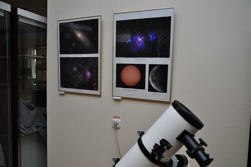 Валентин Николаев познакомил посетителей и с новыми экспонатами на выставке «История фотографии»: появился новый раздел, посвященный астрофотосъемке. Здесь можно увидеть телескоп, предоставленный Мемориальным комплексом летчика-космонавта А.Г. Николаева, и фотоснимки, выполненные профессиональным астрономом Эдуардом Важоровым.
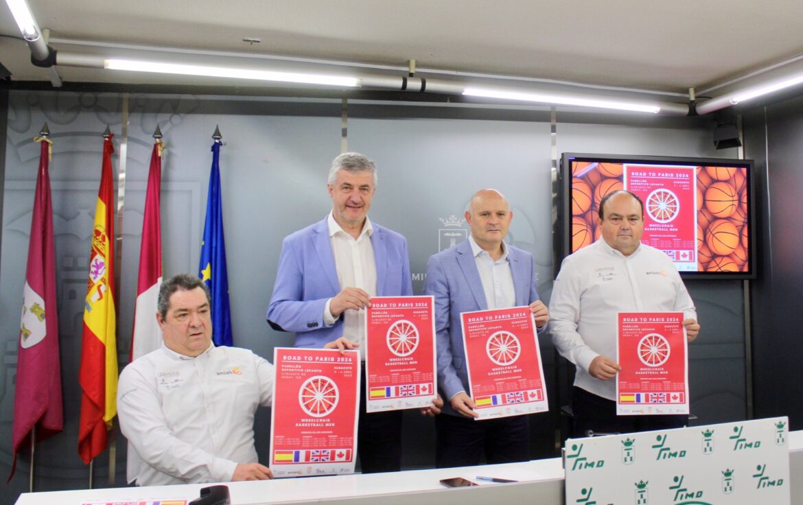 El concejal de Deportes, Francisco Villaescusa, ha presentado el Torneo Internacional de Selecciones de Baloncesto en Silla de Ruedas, que se celebrará en Albacete del 4 al 6 de abril entre el jueves y el sábado próximos. El edil estaba acompañado del presidente de la Federación Española de Deportes de Personas con Discapacidad Física, Enrique Álvarez, así como el vicepresidente de AMIAB, José Carlos Jurado, y el director deportivo del BSR AMIAB, Juan Miguel Cano.
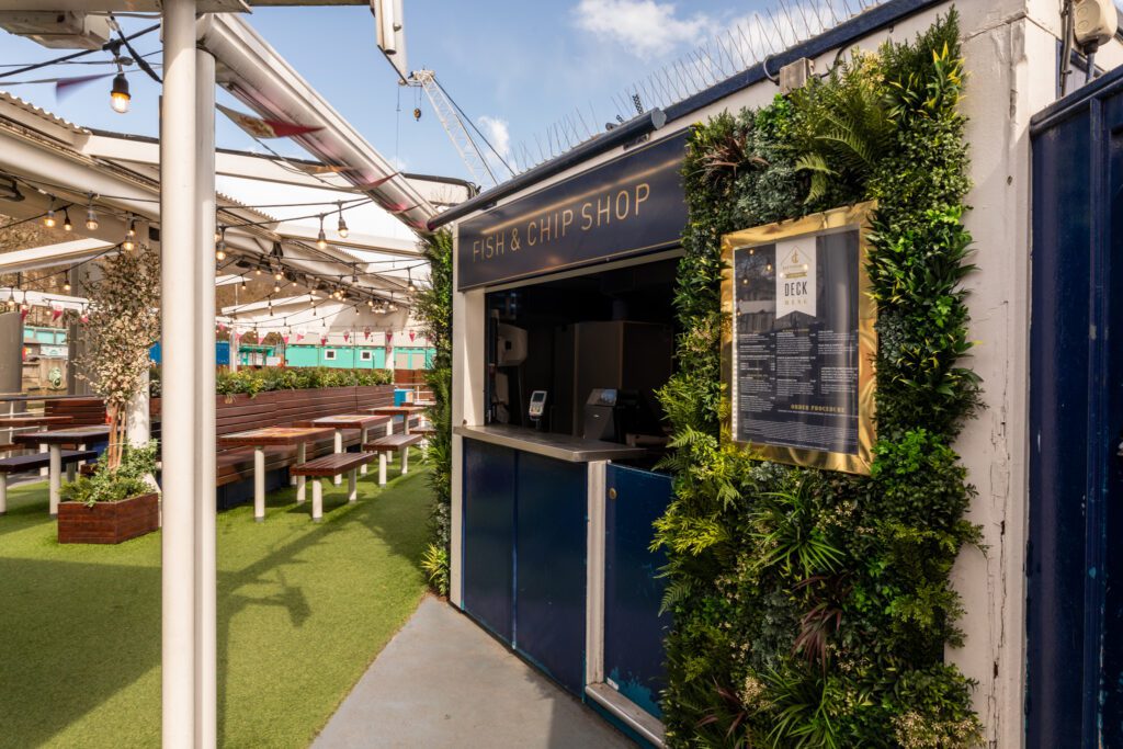 The Aft Deck offers a beautiful outdoor space, partly covered and heated, making it ideal for colder days as well. With its own private bar and fish and chip stall, it’s the perfect setting for private events during the summer and ideal for summer parties.

┄┄┄┄┄┄┄┄┄┄┄┄┄┄┄┄┄┄┄┄

- _Instructions to follow_: Apart from the images, reproduce the listing exactly as it appears.

- _Solution for this task_:
 Валентин Николаев познакомил посетителей и с новыми экспонатами на выставке «История фотографии»: появился новый раздел, посвященный астрофотосъемке. Здесь можно увидеть телескоп, предоставленный Мемориальным комплексом летчика-космонавта А.Г. Николаева, и фотоснимки, выполненные профессиональным астрономом Эдуардом Важоровым.
 El concejal de Deportes, Francisco Villaescusa, ha presentado el Torneo Internacional de Selecciones de Baloncesto en Silla de Ruedas, que se celebrará en Albacete del 4 al 6 de abril entre el jueves y el sábado próximos. El edil estaba acompañado del presidente de la Federación Española de Deportes de Personas con Discapacidad Física, Enrique Álvarez, así como el vicepresidente de AMIAB, José Carlos Jurado, y el director deportivo del BSR AMIAB, Juan Miguel Cano.
 The Aft Deck offers a beautiful outdoor space, partly covered and heated, making it ideal for colder days as well. With its own private bar and fish and chip stall, it’s the perfect setting for private events during the summer and ideal for summer parties.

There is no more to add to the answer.